HOUSTON, May 30 (Xinhua) -- Governor of Texas Greg Abbott on Wednesday unveiled School and Firearm Safety Action Plan, involving millions of U.S. dollars of funding aimed at improving school safety across the State of Texas.
The plan contains 40 recommendations and includes proposals calling for increasing law enforcement presence at schools, strengthening existing campus security programs, enhancing firearm safety, and providing mental health evaluations that identify students at risk of harming others, among other things.
The recommendations identify some 110 million dollars in total funding, including 70 million dollars that is already or will soon be available to begin the work. The governor will have to work with Texas Legislature to fund 30 million dollars of that total.
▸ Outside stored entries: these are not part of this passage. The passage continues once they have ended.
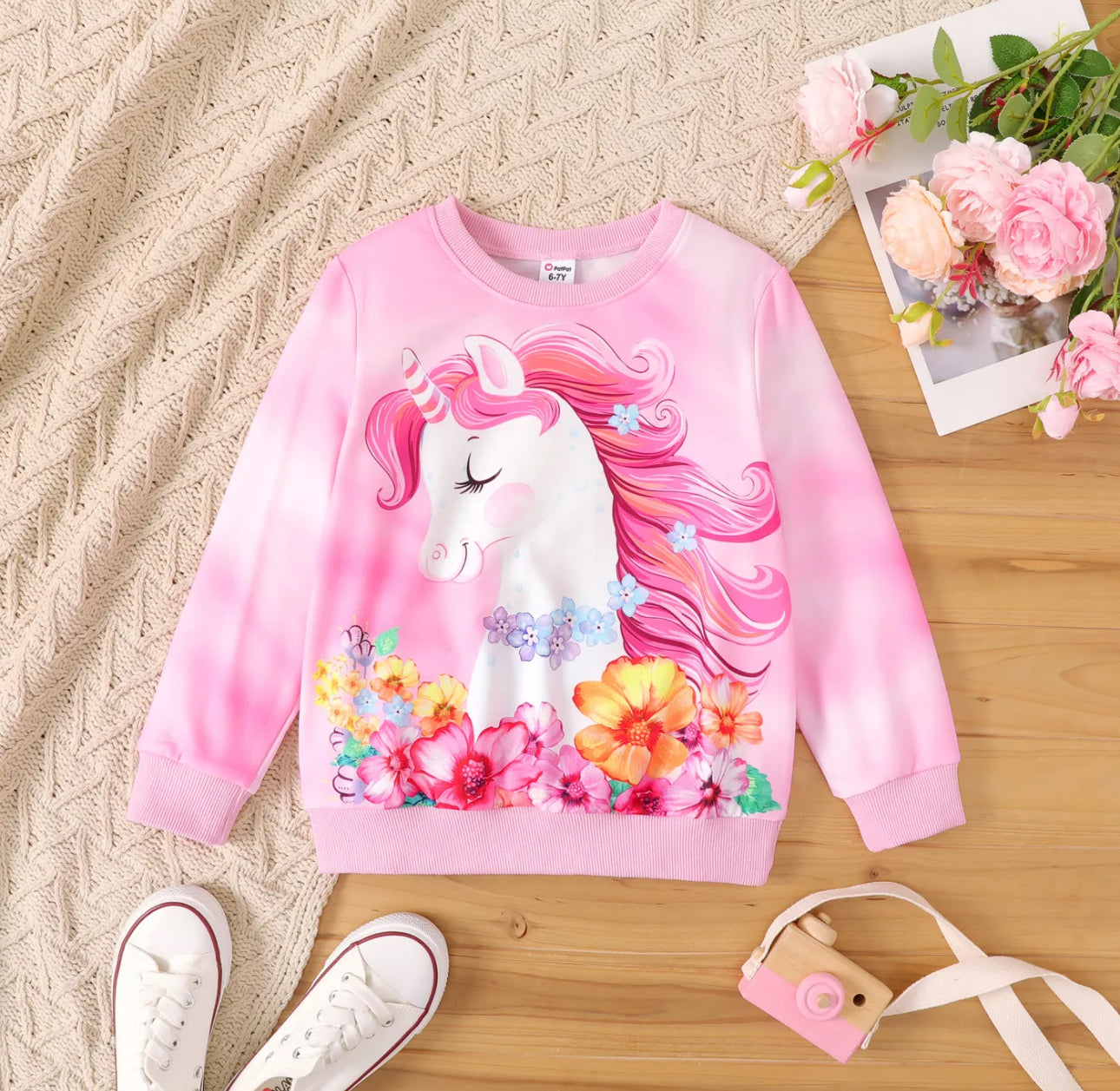 The Girls Pink Unicorn Print Sweatshirt is lined with warm and cosy fleece, and adorned with magical illustrations. Its O-neck collar makes it perfect for comfort and style!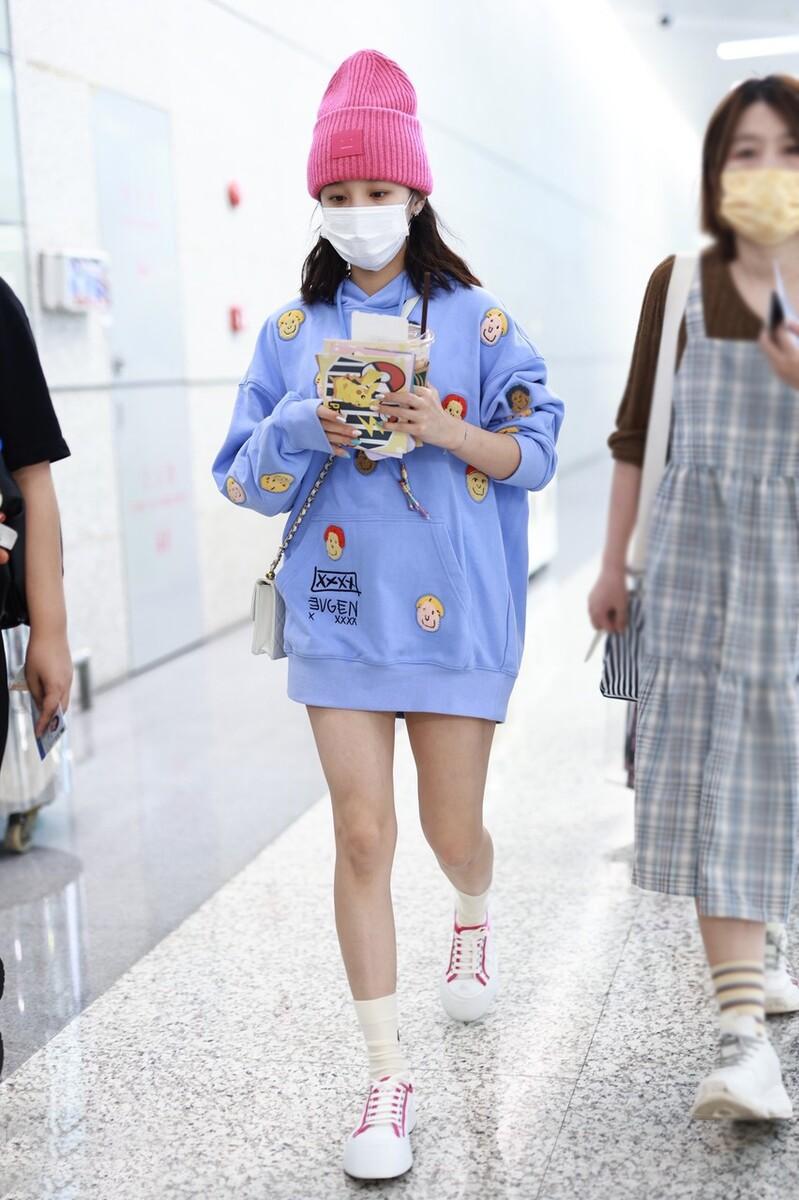 For girls, trendy dressing styles can increase their traffic, so many new generation female artists have appeared. At the airport, dress fashionably and brightly. 22-year-old Song Yuqi is one of them. In order to look very good, she wore a loose sweater into a “short skirt” and paired it with a woolen hat, which was even more incomprehensible.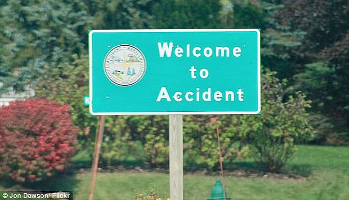 Là một thị trấn nhỏ nằm ở bang Maryland, Mỹ, Accident có khoảng 300 hộ dân sinh sống. Tên của thị trấn này có nghĩa là "Tai nạn" nhưng không ai biết rõ về nguồn gốc cái tên này. |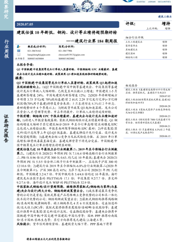【国泰君安证券】【20200705】建筑估值10年新低,钢构、设计等业绩将超预期好转-8页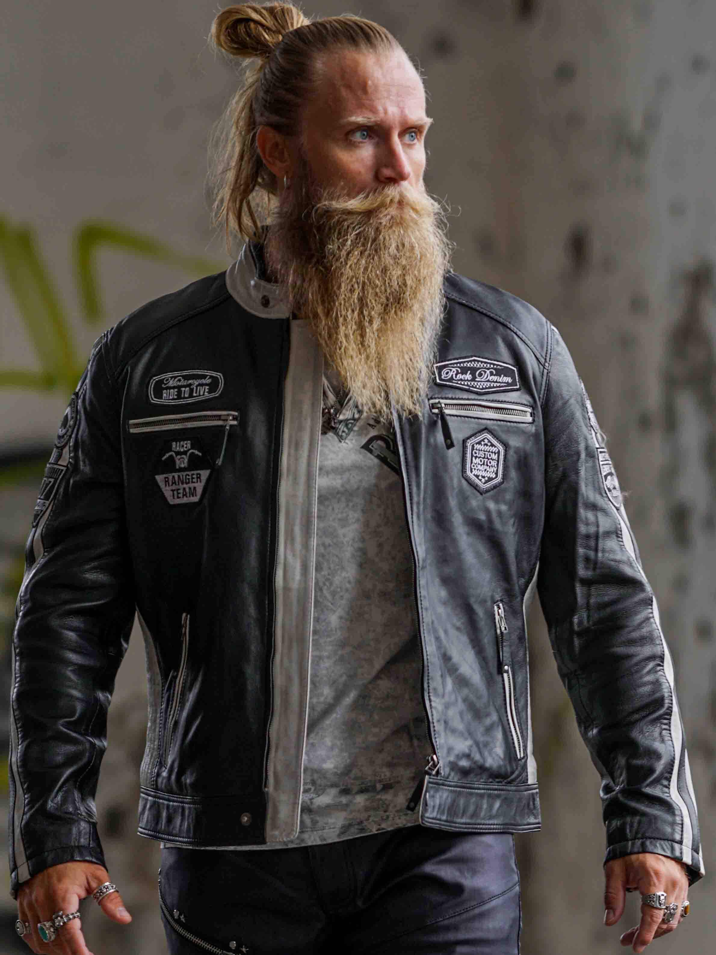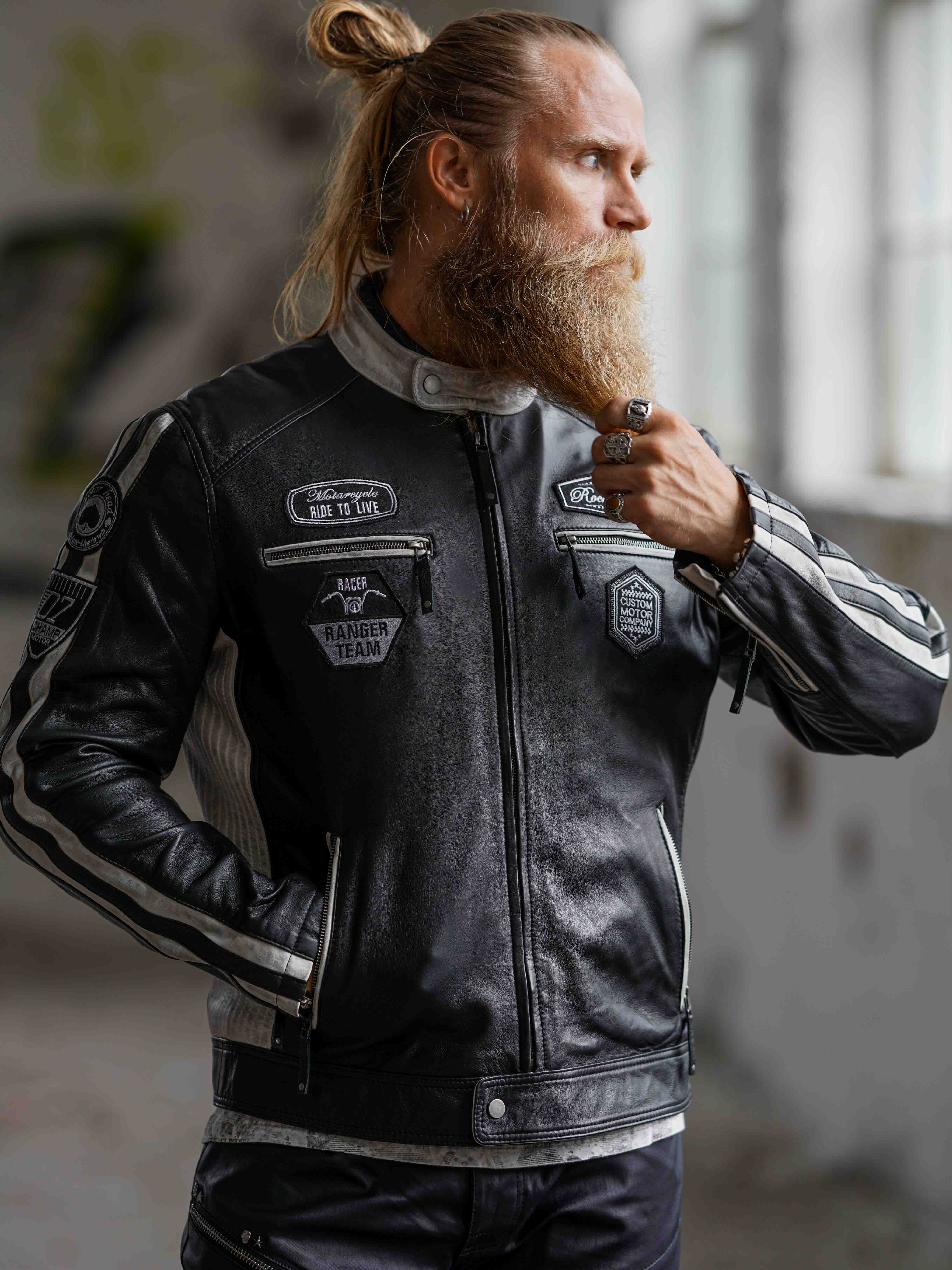 Wygodna skórzana kurtka o mocnym kroju z naszywkami i białymi paskami. Zapinana jest na solidny zamek błyskawiczny. Posiada zatrzask przy szyi i w talii. Na przodzie kurtki znajdują się cztery kieszenie zapinane na suwak oraz dwie kieszenie w pikowanej podszewce. Mankiety można poszerzyć!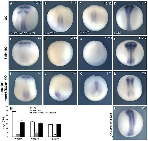 sall1 and sall4 repress pou5f3 family expression to allow neural patterning, differentiation, and morphogenesis in Xenopus laevis. , Exner CRT, Kim AY, Mardjuki SM, Harland RM ., Dev Biol. May 1, 2017; 425 (1): 33-43.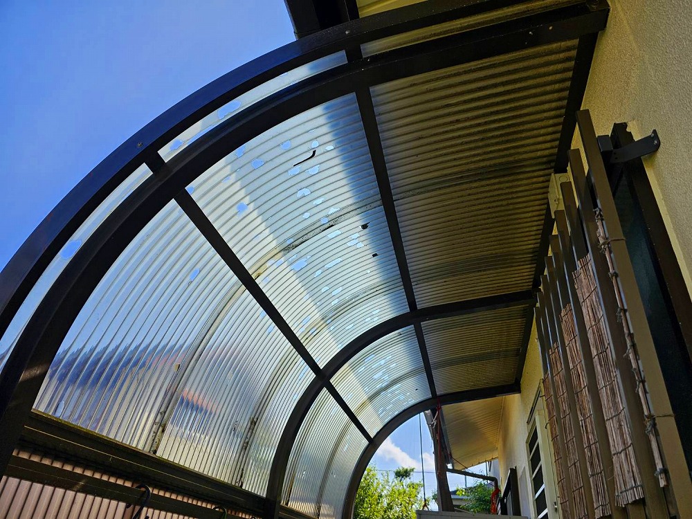 今回は『高い衝撃強度・優れた耐候性』を持ったポリカーボネート製の波板に取替えさせていただきました。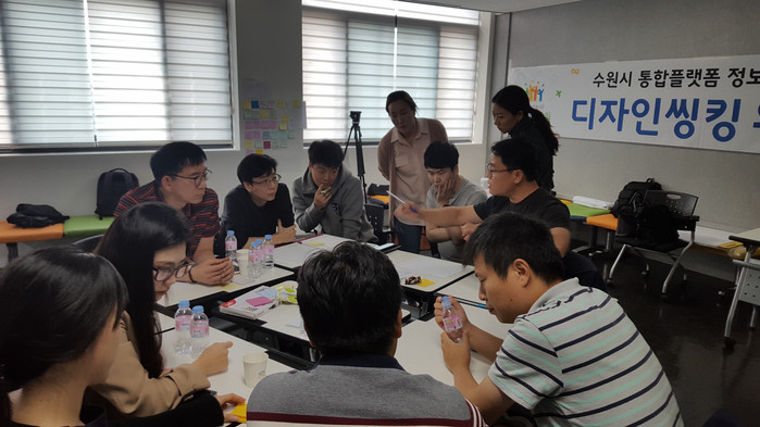 | ▲워크숍 참가자들이 수원시 통합플랫폼에 필요한 공공서비스 모델에 대해 논의하고 있다.(수원시 제공) |

"This plan is a starting point, not an ending place," Abbott said in remarks carried by a press release. "It provides strategies that can be used before the next school year begins to keep our students safe when they return to school. This plan will make our schools safer and our communities safer."
On May 18, nine students and one teacher were killed and another 10 wounded when a shooter opened fire inside Santa Fe High School southeast of Houston, the largest city in the state.
During a press briefing following the shooting, Abbott described the shooting one of the most "hideous attacks" that has ever happened in the history of Texas schools.
In November 2017, a gunman barged into a church and murdered 26 people in Sutherland Springs, also in Texas.